An open API service indexing awesome lists of open source software.

https://github.com/begriffs/aws_pipes

AWS queues à la Unix
https://github.com/begriffs/aws_pipes

Last synced: 5 months ago
JSON representation

AWS queues à la Unix

Awesome Lists containing this project

README

          

## Overview

### Communication

Send messages between Amazon EC2 instances through Unix pipes.

Communication in aws_pipes is built on top of the Amazon [Simple Queue
Service](http://aws.amazon.com/sqs/) (SQS) which lets you

- Move data between distributed components of your application without
losing messages or requiring each component to be always available.
- Get started with no extra installed software or special firewall
configurations.
- Connect machines on different networks, developed with different
technologies, and running at different times.
- Save messages in the queue for up to 14 days.

Text is the universal interface, and any application that can read and
write text can use this gem – no knowledge of the Amazon API is
required.

### Logging

Consolidate logs between EC2 instances. Logging in aws_pipes is built on
top of Amazon [SimpleDB](http://aws.amazon.com/simpledb/).

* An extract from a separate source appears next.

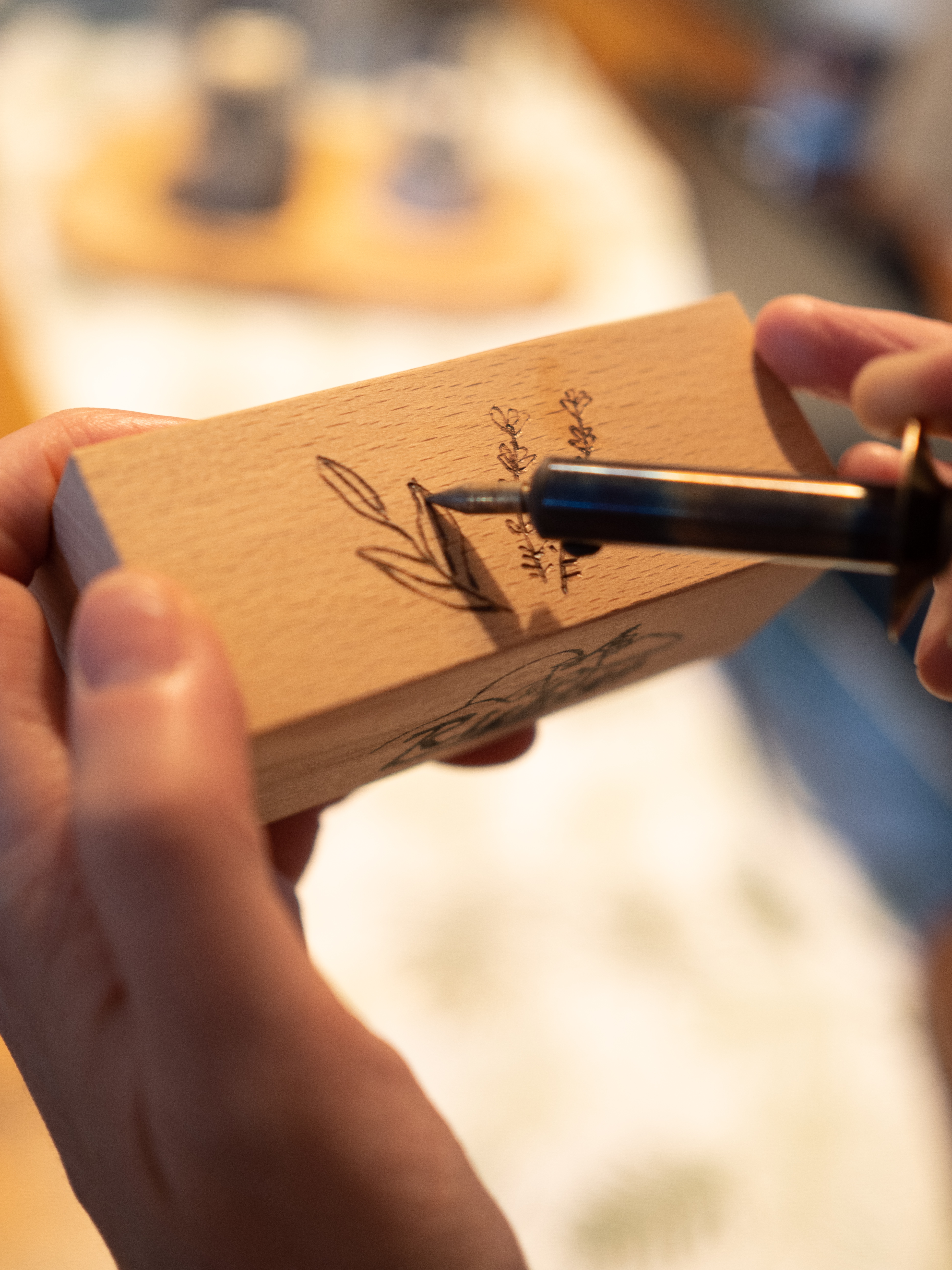 Ein Holzblock ist entstanden, der durch meine von Hand eingravierten Pflanzmotive nicht nur zum Unikat, sondern auch in jeder Küche zum Hingucker wird.
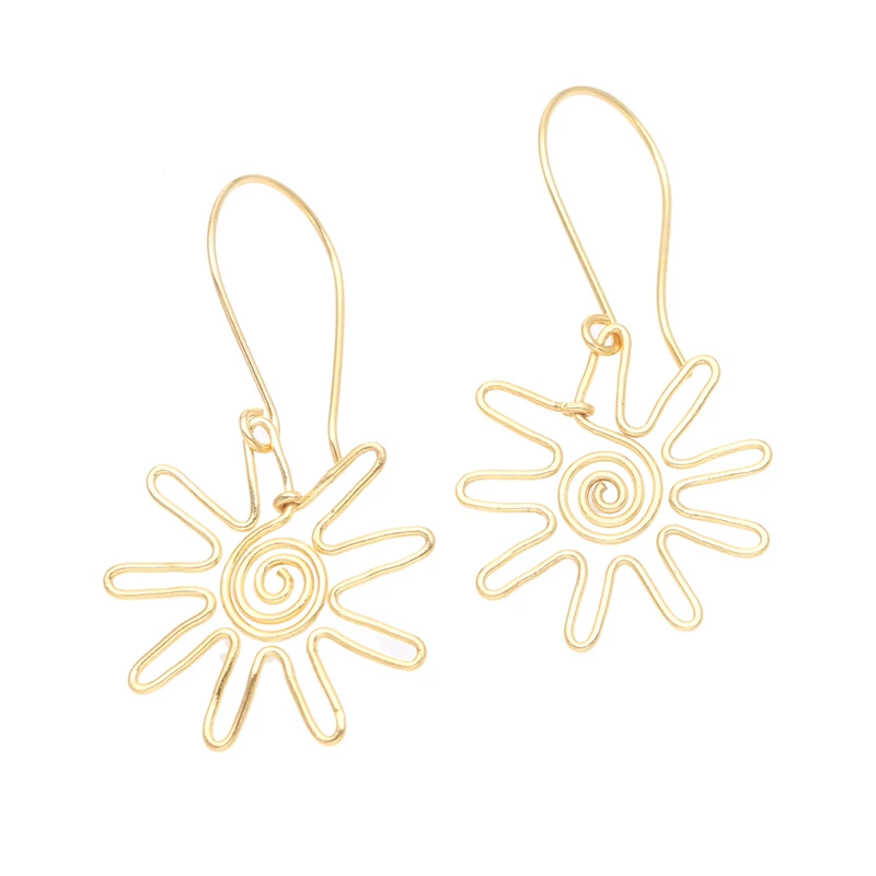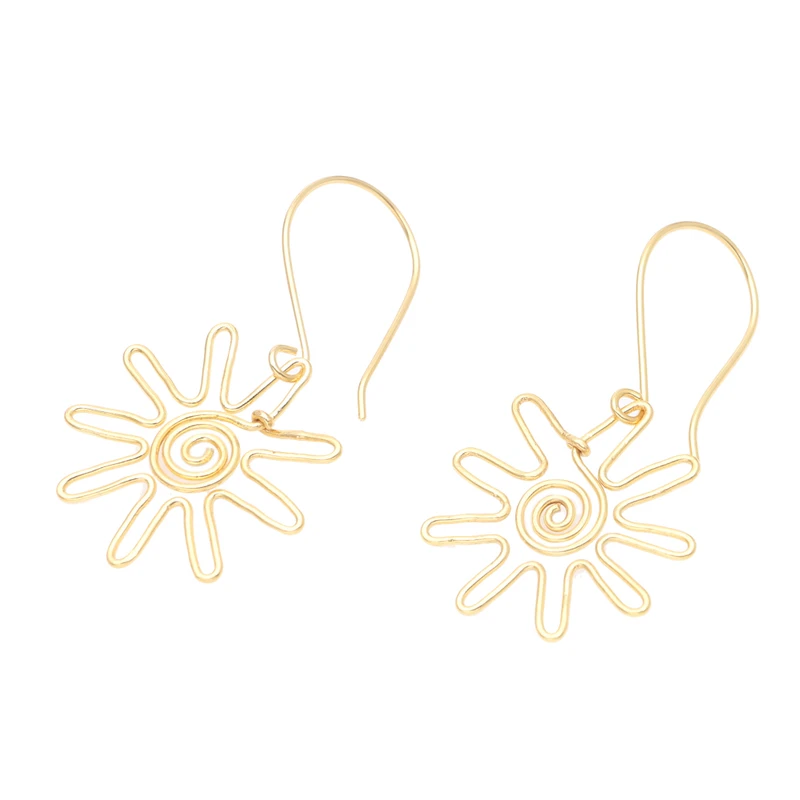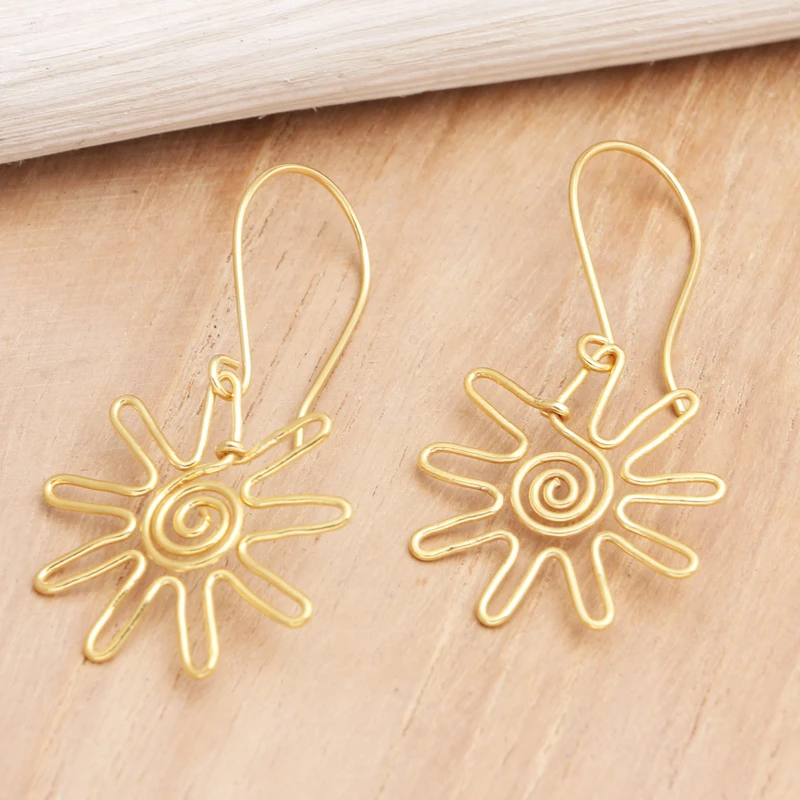 Glamorous and sophisticated, Wayan Karang's dangle earrings are carefully designed with shimmering gold. Balinese artisans use 22k gold-plated brass to hand craft the sun-shaped earrings.

- Get logs off individual servers to save disk space.
- Pool the log messages from related workers.
- Monitor and query logs from one place.
- Save as much log history as you want, the storage is virtually
unlimited.

### Saving Datasets

Save data across EC2 instances with scalable throughput.
Data archival in aws_pipes is built on top of Amazon
[DynamoDB](http://aws.amazon.com/dynamodb/).

- Store data centrally.
- Automatically scale throughput and space.
- Query results (albeit not relationally).
- Monitor data acquisition through web control panel.
- Can export to S3.

## Usage

### aws_queue

# write data to an SQS queue named "foo"
your_program | aws_queue write foo

# read data from an SQS queue named "foo"
aws_queue read foo | your_program

To use this program you will need to [create a
queue](https://console.aws.amazon.com/sqs/) in the Amazon Web Console.

### aws_log

# write stderr to log named "bar"
your_program 2> >(aws_log record bar)

# delete all messages in log named "bar"
aws_log delete bar

# View log entries for "bar" within a date range
aws_log show bar --after "1970-01-01" --before "2020-02-02 13:42:12.123"

Each line sent to the log gets marked with a timestamp and the external
IP address of the machine which added it.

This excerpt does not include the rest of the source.